As previously mentioned, any good electrician deals with these considerations all the time. The fact that it would be for an audio application is where you need to do your homework (and legwork), as far as determining what materials you want installed, and having those on the job for your electrician. So, consider the following:
- What type of wiring do you want installed. Simple Romex 12-2 w/ground could suffice. Or, go a bit further and request 12-2 w/ ground MC (metal clad) or for a bit of overkill, go w/ 10 guage wiring, although most electricians will scoff at this request. This will all be available locally at the electrical supply house, and can be furnished by the electrician provided he knows what you want before the install commences. Or do you want the cadillac, such as cryo'd "audiophile" grade house wiring from a company such as Virtual Dynamics, which needs to be pre-ordered.
- Decide which brand of outlet you will be using, and have that on the job (such as from Porterhouse Audio, PS Audio, etc) I suppose you can also find "special" circuit breakers if you're so inclined.

It basically boils down to this - for you, time is money, so whatever ducks you have lined up beforehand, will be money saved. Remember, unless you can find an electrician who will provide a firm bid for the job, any discussions you have with him once the job has started will be charged at his hourly rate for time and material work. So if you have any knowledge of construction techniques, take the time and determine how the wiring will be routed and have any specialty materials available. I assume a search of the forum archives for "dedicated wiring" will provide more than you ever wanted to know about this topic. Have fun and good luck ... Tom
Thank you so much Rushton and Tburn for your suggestions and help. I am excited to start this project.
Good info here. I second the comment about having your ducks in a row. To the point of having a sheet written up with exactly what you want.

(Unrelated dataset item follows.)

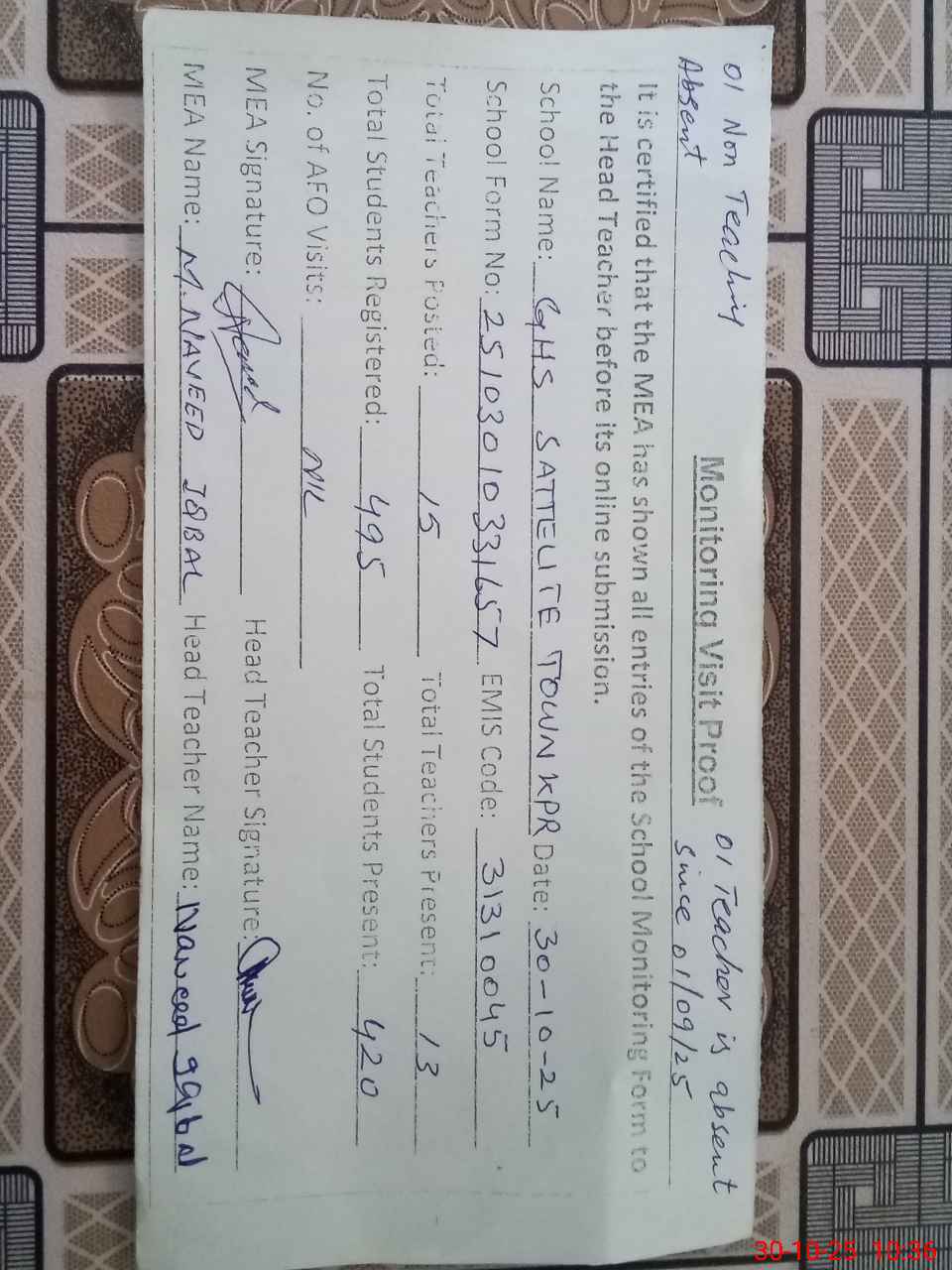 | Attendance Register | Head Teacher | MEA with School | Visit Proof |

Be very specific about the wire type to be used since offen when you say 'two lines' they will try and use quad cable that is 2 hots that share the same netural and ground...which is not really the same thing as two seperate lines. Also compared to the labor costs materials are nothing. I would go for at least two lines into a box with 4 outlets both wired on the same phase and if possible on the opposite phase of stuff like AC and kitchen circuits as mentioned above.
Good luck
If you put in multiple dedicated lines, it is imperative that they all be on the same phase of the power line. Otherwise, you can have 240 volts between two components on different phases. It is improbable but dangerous if it happens. Also you may have hum problems.

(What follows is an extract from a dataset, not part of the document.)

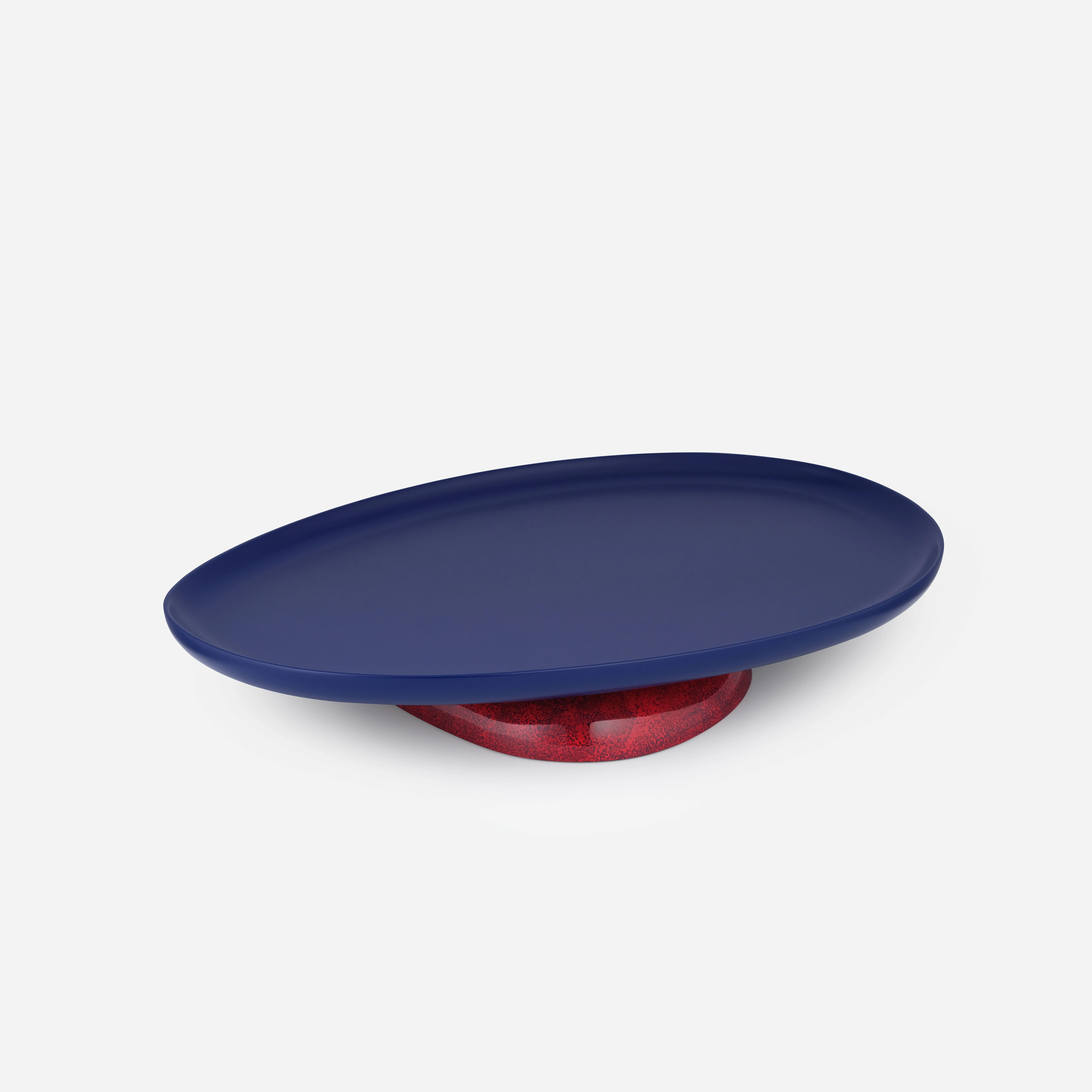 The deep blue oval tray, meticulously crafted with a base shaped like pebbles using a technique of hand-applied color dotting and sanding, creates an unforgettable impression. Its distinctive design and cool color palette make it a remarkable decorative piece for any living space.

Hi Bryanhod, click on my "system" to see what I did with dedicated A/C power. I researched dedicated A/C lines for a few months before I took the plunge. I'd recommend a beefier ground rod. Plus, some people use a separate ground rod-especially if you are using a sub panel. Also, I've been researching JPS Labs Power A/C In-Wall Cable. It's 10 AWG w/ground and UL/CSA rated. It's the only A/C cable that I know of that's UL approved. It's also $18/ft list, however. I'd be interested to know if any Audiogon members have used the JPS Labs A/C cable. Stan
Just wanted to add that Robert Harley's book does not contain any information on how to wire a house using dedicated circuits. I just got the book and there is a buch of other great info.